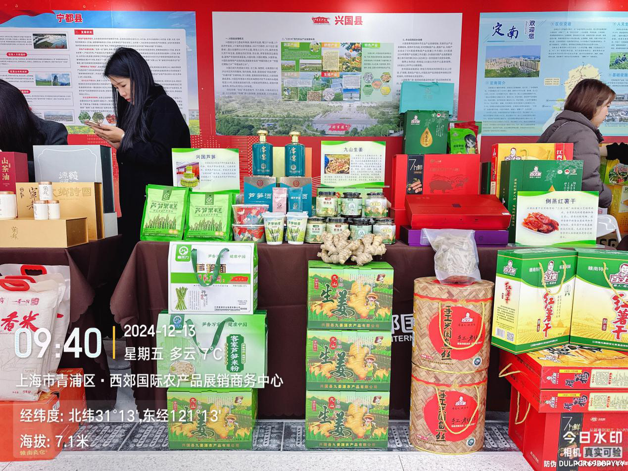 12月13-15日,2024上海西郊国际特色农产品迎新巡回展赣州展在上海举办,兴国县组织兴国春赐福生态茶场、兴国县九姜源农产品有限公司、江西国兴集团百丈泉食品饮料有限公司、江西国康农业集团有限公司等企业参展,兴国白茶、富硒芦笋、鱼丝、烤肠、灰鹅、红薯干、九山生姜等10款极具兴国特色的优质农产品纷纷亮相,吸引了不少上海客商和市民亲身体验品鉴。现场人潮涌动,纷纷驻足选购。此次活动不仅全面宣传展示了兴国县优质农产品,提升了农产品品牌知名度和市场竞争力,更促进了农产品产销精准对接,拓宽了长三角市场。
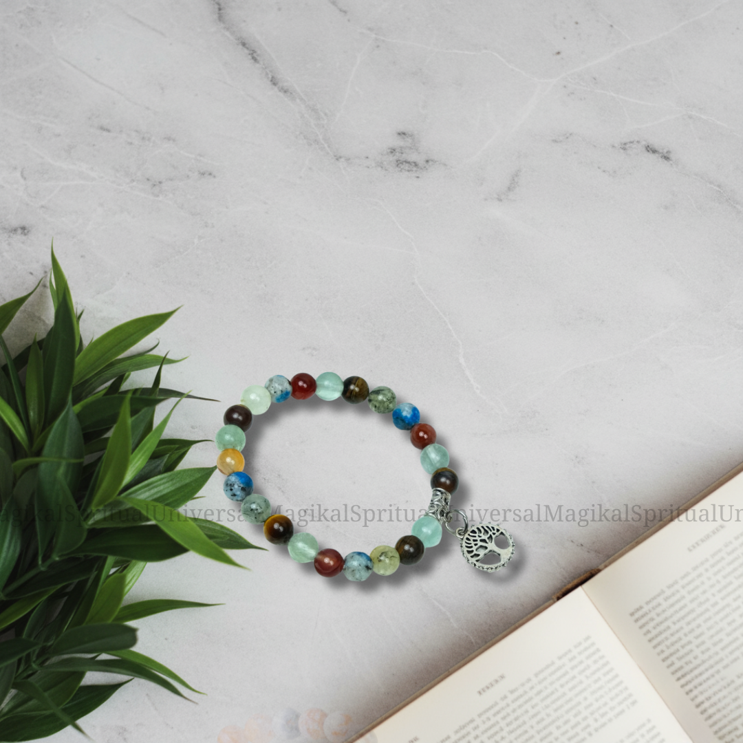 The bracelet primarily works on the solar plexus, heart, and root chakras, empowering confidence, strengthening decision-making, and grounding financial intentions. Its soothing greens promote emotional clarity, while the warmer tones ignite action and motivation—creating the perfect balance for releasing stuck or halted wealth.
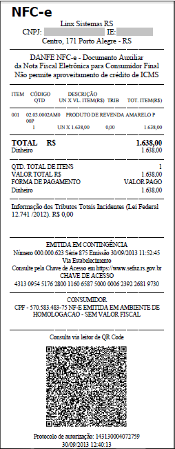 Após a emissão de uma NFC-e em Contingência, o sistema aguardará a recepção do protocolo de autorização. É imprescindível informar que as notas somente poderão ser autorizadas no prazo de 24 horas a partir do restabelecimento do serviço.
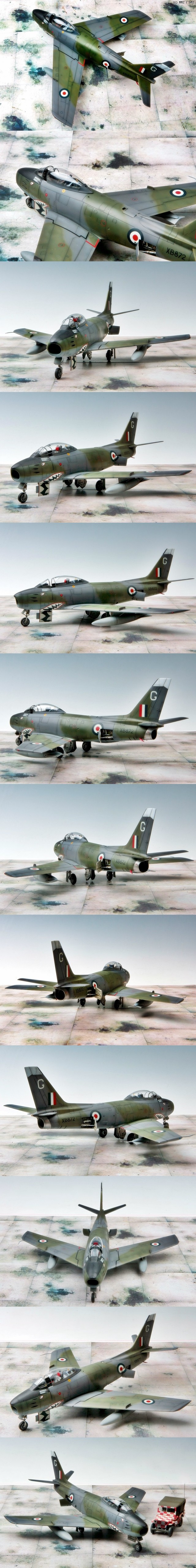 기체에 대해 설명을 드리자면, 영국에서는 세이버를 아주잠깐 사용했는데요,영국 최초의 제트기이인 Gloster Meteor가 한국전 당시 별다른 성능을 보여주지 못하자(지상 공격기로만 겨우 사용했죠) 케나다 라이센스 버전인 CL-13 Mk.2 및 Mk.4를 1953년부터 사용하게 됩니다. 그로부터 영국 차기 제트기인 Howker Hunter, Gloster Javelin이 나올 때 까지 1958년까지 사용되다, 개수를 거쳐 유고슬라비아와 이탈리아에 공여되는 짧은 역사를 가지고 있습니다.
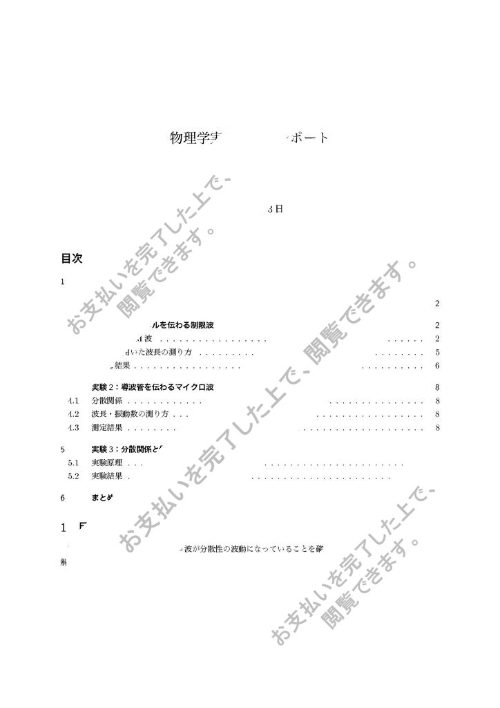 理科大一部物理学科のマイクロ波のレポートです。分散関係、チャンネルを伝わる制限波、導波管を伝わるマイクロ波、偏光のしくみ、計算方法等。
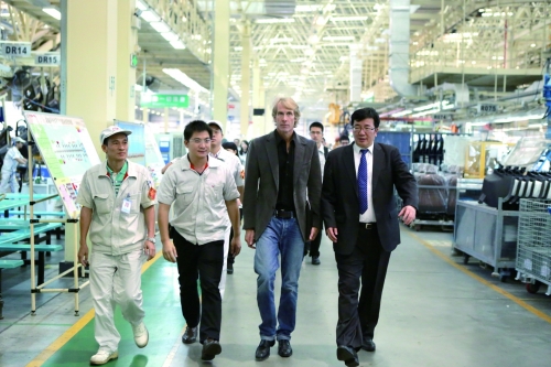 迈克尔·贝与广汽乘用车总经理吴松参观工厂 |
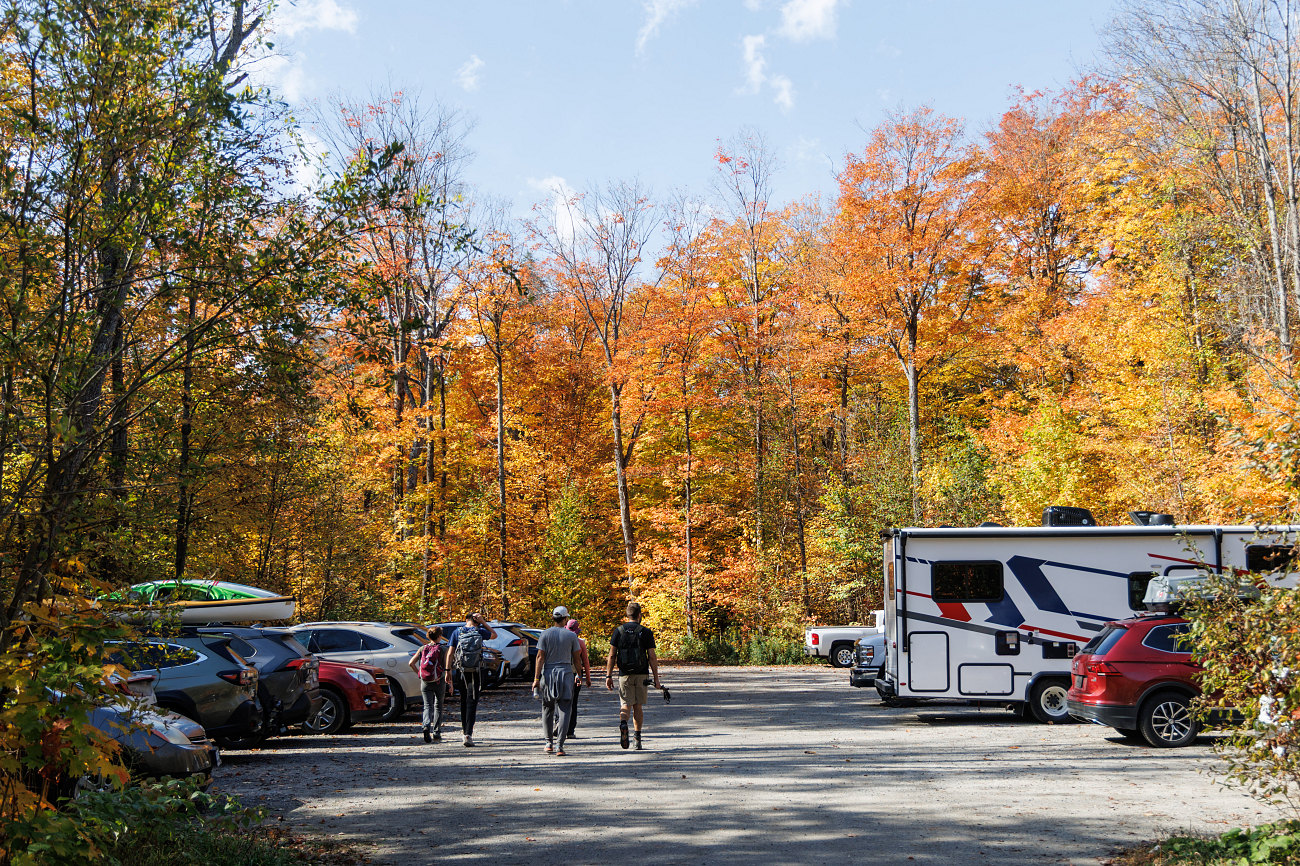 At noon on this fall Monday, the Crack Trailhead parking area is pretty much (but not totally) full.
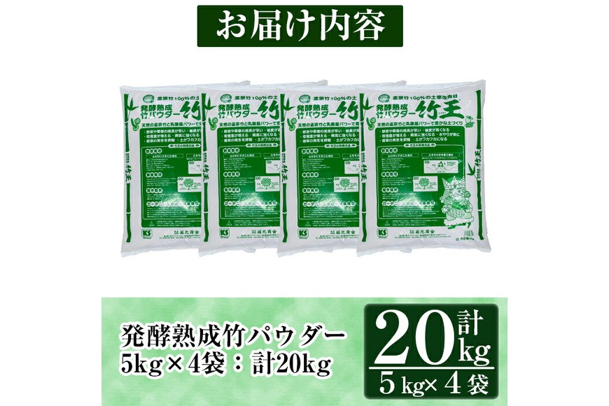 - a876 「薩摩の竹づくし」竹王20kgセット(計20kg・5kg×4袋)【株式会社国元商会】竹パウダー 竹 土づくり マルチング 土壌改良 肥料 家庭菜園 ベランダ菜園 プランター 自然栽培 自然農法 有機栽培
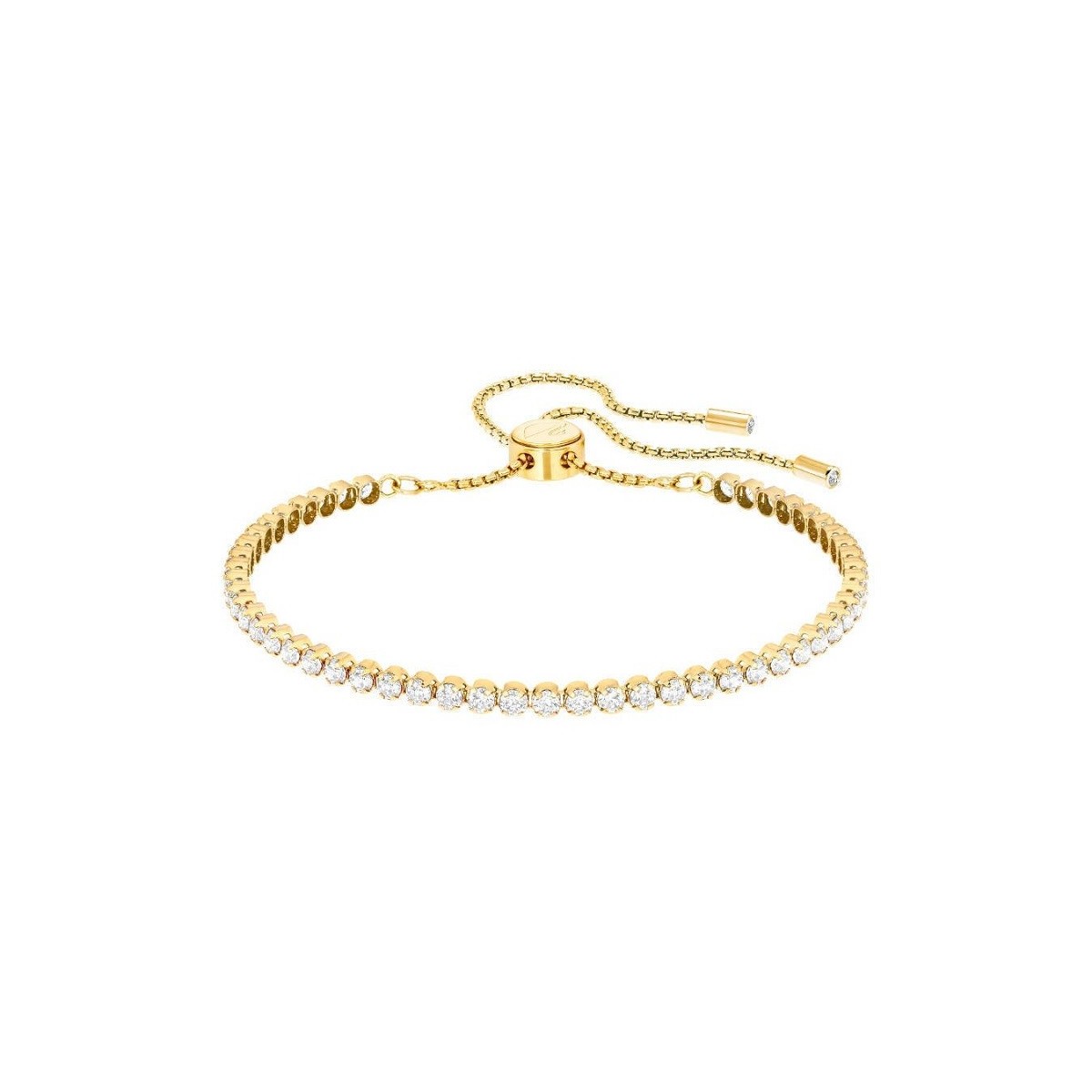 Il bracciale cupchain placcato oro che avvolge delicatamente il polso è completato da una innovativa chiusura a scorrimento a sfera, che ne garantisce una vestibilità sempre confortevole. Di giorno, abbinatelo ad un orologio Swarovski per una brillantezza controllata, oppure amplificatela per la sera aggiungendo altri gioielli da polso a contrasto. Lunghezza regolabile: 14 - 24 cm
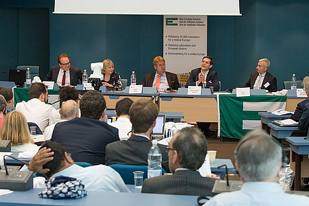 Der Europaabgeordnete und EUD-Ehrenpräsident Elmar Brok steht weiter an der Spitze der Union Europäischer Föderalisten. Beim UEF-Kongress vom 10. bis 12. Juni in Straßburg wurden Präsident Elmar Brok und Generalsekretär Paolo Vacca im Amt bestätigt. Neuer UEF-Vizepräsident ist EUD-Präsidiumsmitglied Otto Schmuck. Sein Vorgänger Heinz-Wilhelm Schaumann gab das Amt nach zehn Jahren ab. Dem Vorstand gehören künftig auch die Europaparlamentarierin und Landesvorsitzende der Berliner Europa-Union Sylvia-Yvonne Kaufmann sowie der… » weiterlesen

▶ _TASK_: Of all the material above, only the lines from the one that has "迈克尔·贝与广汽乘用车总经理吴松参观工厂 |" down to the one that has "- a876 「薩摩の竹づくし」竹王20kgセット(計20kg・5kg×4袋)【株式会社国元商会】竹パウダー" are to be written out, exactly and with both ends included. Pictures are skipped.

▶ _PROBLEM SOLUTION_:
 迈克尔·贝与广汽乘用车总经理吴松参观工厂 |
 At noon on this fall Monday, the Crack Trailhead parking area is pretty much (but not totally) full.
 - a876 「薩摩の竹づくし」竹王20kgセット(計20kg・5kg×4袋)【株式会社国元商会】竹パウダー 竹 土づくり マルチング 土壌改良 肥料 家庭菜園 ベランダ菜園 プランター 自然栽培 自然農法 有機栽培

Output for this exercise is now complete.